## TASK OBJECTIVE
Could you output each line below exactly as it appears, excluding any pictures?

(Stored entries)
◇ ◇ ◇ ◇ ◇ ◇ ◇
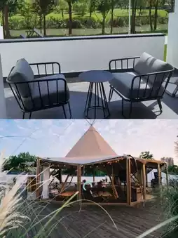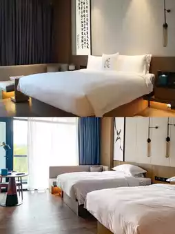 - Hotel Design: The design is based on gray and white tones, cleverly integrating features of Eastern garden landscaping. The outdoor terrace incorporates elements of Jiangnan garden scenery such as green pines, stone walls, and bamboo groves, creating a leisurely and elegant atmosphere. Additionally, the hotel is themed around the culture of Li Shutong, with "Shutong traces" visible throughout the lobby and guest rooms.
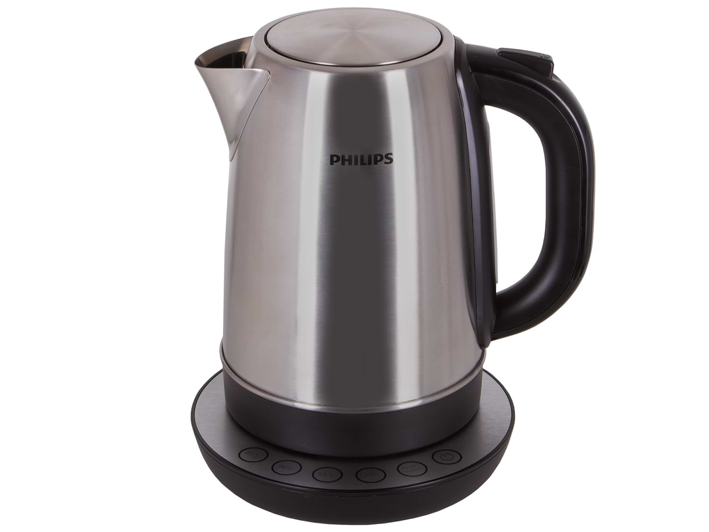 HD9326- электрический чайник, занимающий верхнюю строчку в модельном ряду компании Philips. Колба выполнена их нержавеющей стали, а прилегающая к ней ручка - пластиковая. Возле нее размещена шкала наполнения, верхняя отметка которой указывает на объем чайника в 1,7 литра. На подставке расположена панель управления с подсветкой клавиш. С их помощью выбирается один из четырех вариантов температуры: 80, 90, 95 или 100 градусов. Используя функция “Keep Warm” вода будет сохранятся горячей в течении 30 минут. Крышка открывается нажатием кнопки. Перед носиком расположен съемный фильтр препятствующий попаданию накипи в чашку. В чайнике используется закрытый нагревательный элемент, его мощность составляет 2,2 киловатта. Шнур длиной 70 сантиметров можно уложить в отсек в подставке. Philips HD9326 подойдет людям, которые знают толк в правильном приготовлении горячих напитков.
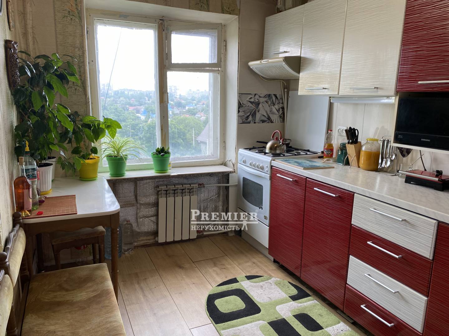 В продаже 2-комнатная квартира, рсположенная на 5 этаже 5-этажного, кирпичного дома с газом. Квартира просторная, с правильной планировкой и раздельными комнатами. Из детской комнаты есть лоджия, санузел совмещенный, но есть возможность его разделить. Кухня 8 метров, правильной квадратной формы, вместительная прихожая со встроенным шкафом. В квартире межкомнатные двери из дерева под лаком, окна металлопластиковые, на полу ламинат и линолеум. Рядом с домом есть продуктовый магазин, до улицы Марсельской пешком идти 10 минут, где расположены базарчик, 2 супермаркета, школа и детский сад.
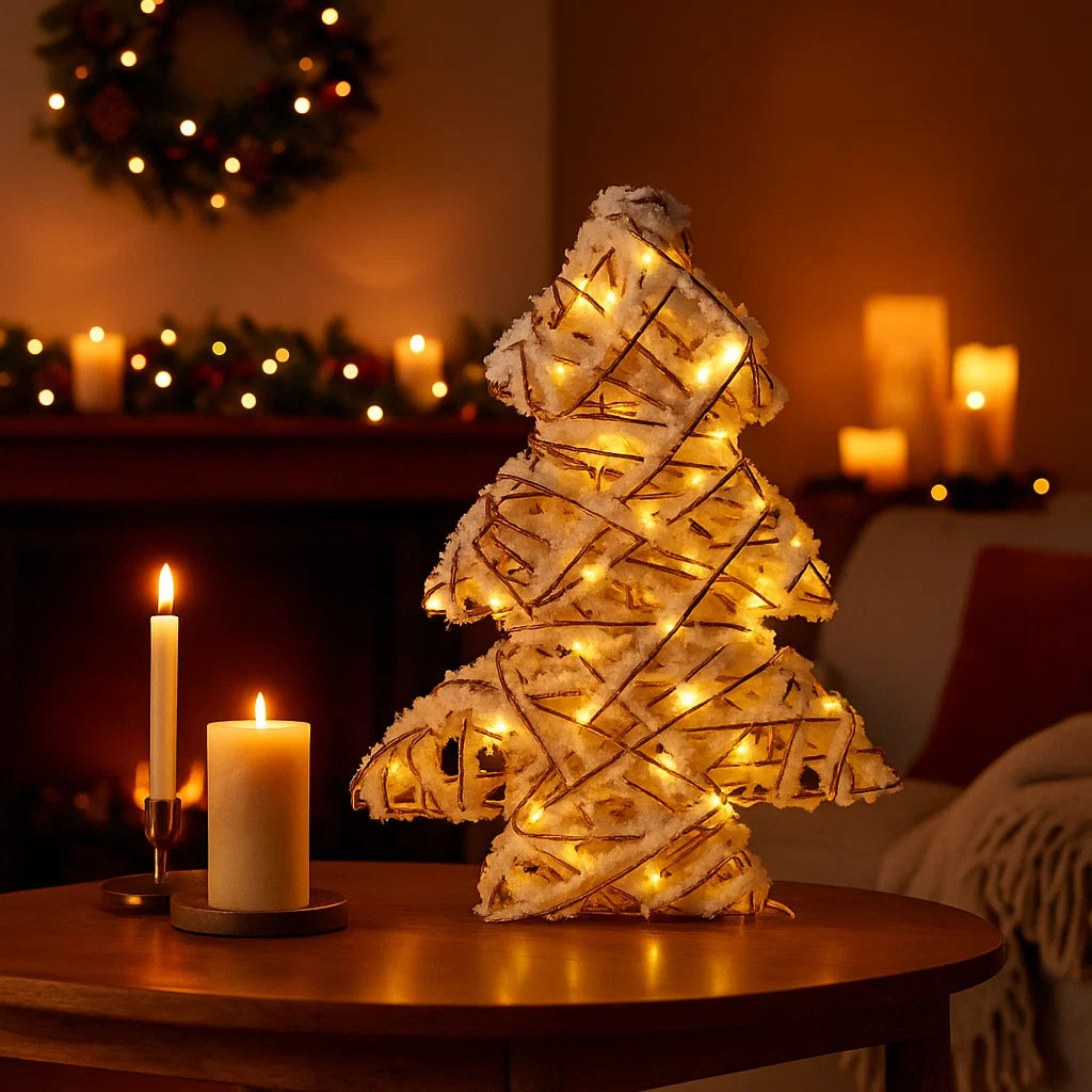 Questa decorazione natalizia, dal design sottile e contemporaneo, è perfetta per creare un'atmosfera calda e accogliente, valorizzando ogni ambiente con una delicata luminosità festiva.
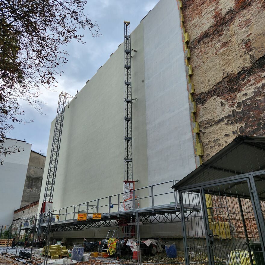 PLATFORMY ROBOCZE SĄ IDEALNYM ROZWIĄZANIEM DO WYKONYWANIA WSZELKIEGO RODZAJU PRAC ELEWACYJNYCH, INSTALACJI, MUROWANIA ORAZ PRZEWOŻENIA PASAŻERÓW I MATERIAŁÓWPODESTY ROBOCZE MASZTOWE - to urządzenia łączące w sobie dwie funkcje windy budowlanej oraz podestu roboczego, umożliwiają jednocześnie przewożenie pracowników i materiałów na wysokość do 300 metrów . Szerokość robocza podestu jest znacznie większa w porównaniu do rusztowań tradycyjnych od 1.6 m do 3 m , co zapewnia swobodę działania oraz daje duże możliwości załadunku, zapewniając przy tym wysoki poziom bezpieczeństwa oraz wygodę użytkowania. Podesty ruchome masztowe gwarantują oszczędność kosztów i czasu w miejscu wykonywania prac.
◇ ◇ ◇ ◇ ◇ ◇ ◇
## OUTPUT FOR THIS EXERCISE
 - Hotel Design: The design is based on gray and white tones, cleverly integrating features of Eastern garden landscaping. The outdoor terrace incorporates elements of Jiangnan garden scenery such as green pines, stone walls, and bamboo groves, creating a leisurely and elegant atmosphere. Additionally, the hotel is themed around the culture of Li Shutong, with "Shutong traces" visible throughout the lobby and guest rooms.
 HD9326- электрический чайник, занимающий верхнюю строчку в модельном ряду компании Philips. Колба выполнена их нержавеющей стали, а прилегающая к ней ручка - пластиковая. Возле нее размещена шкала наполнения, верхняя отметка которой указывает на объем чайника в 1,7 литра. На подставке расположена панель управления с подсветкой клавиш. С их помощью выбирается один из четырех вариантов температуры: 80, 90, 95 или 100 градусов. Используя функция “Keep Warm” вода будет сохранятся горячей в течении 30 минут. Крышка открывается нажатием кнопки. Перед носиком расположен съемный фильтр препятствующий попаданию накипи в чашку. В чайнике используется закрытый нагревательный элемент, его мощность составляет 2,2 киловатта. Шнур длиной 70 сантиметров можно уложить в отсек в подставке. Philips HD9326 подойдет людям, которые знают толк в правильном приготовлении горячих напитков.
 В продаже 2-комнатная квартира, рсположенная на 5 этаже 5-этажного, кирпичного дома с газом. Квартира просторная, с правильной планировкой и раздельными комнатами. Из детской комнаты есть лоджия, санузел совмещенный, но есть возможность его разделить. Кухня 8 метров, правильной квадратной формы, вместительная прихожая со встроенным шкафом. В квартире межкомнатные двери из дерева под лаком, окна металлопластиковые, на полу ламинат и линолеум. Рядом с домом есть продуктовый магазин, до улицы Марсельской пешком идти 10 минут, где расположены базарчик, 2 супермаркета, школа и детский сад.
 Questa decorazione natalizia, dal design sottile e contemporaneo, è perfetta per creare un'atmosfera calda e accogliente, valorizzando ogni ambiente con una delicata luminosità festiva.
 PLATFORMY ROBOCZE SĄ IDEALNYM ROZWIĄZANIEM DO WYKONYWANIA WSZELKIEGO RODZAJU PRAC ELEWACYJNYCH, INSTALACJI, MUROWANIA ORAZ PRZEWOŻENIA PASAŻERÓW I MATERIAŁÓWPODESTY ROBOCZE MASZTOWE - to urządzenia łączące w sobie dwie funkcje windy budowlanej oraz podestu roboczego, umożliwiają jednocześnie przewożenie pracowników i materiałów na wysokość do 300 metrów . Szerokość robocza podestu jest znacznie większa w porównaniu do rusztowań tradycyjnych od 1.6 m do 3 m , co zapewnia swobodę działania oraz daje duże możliwości załadunku, zapewniając przy tym wysoki poziom bezpieczeństwa oraz wygodę użytkowania. Podesty ruchome masztowe gwarantują oszczędność kosztów i czasu w miejscu wykonywania prac.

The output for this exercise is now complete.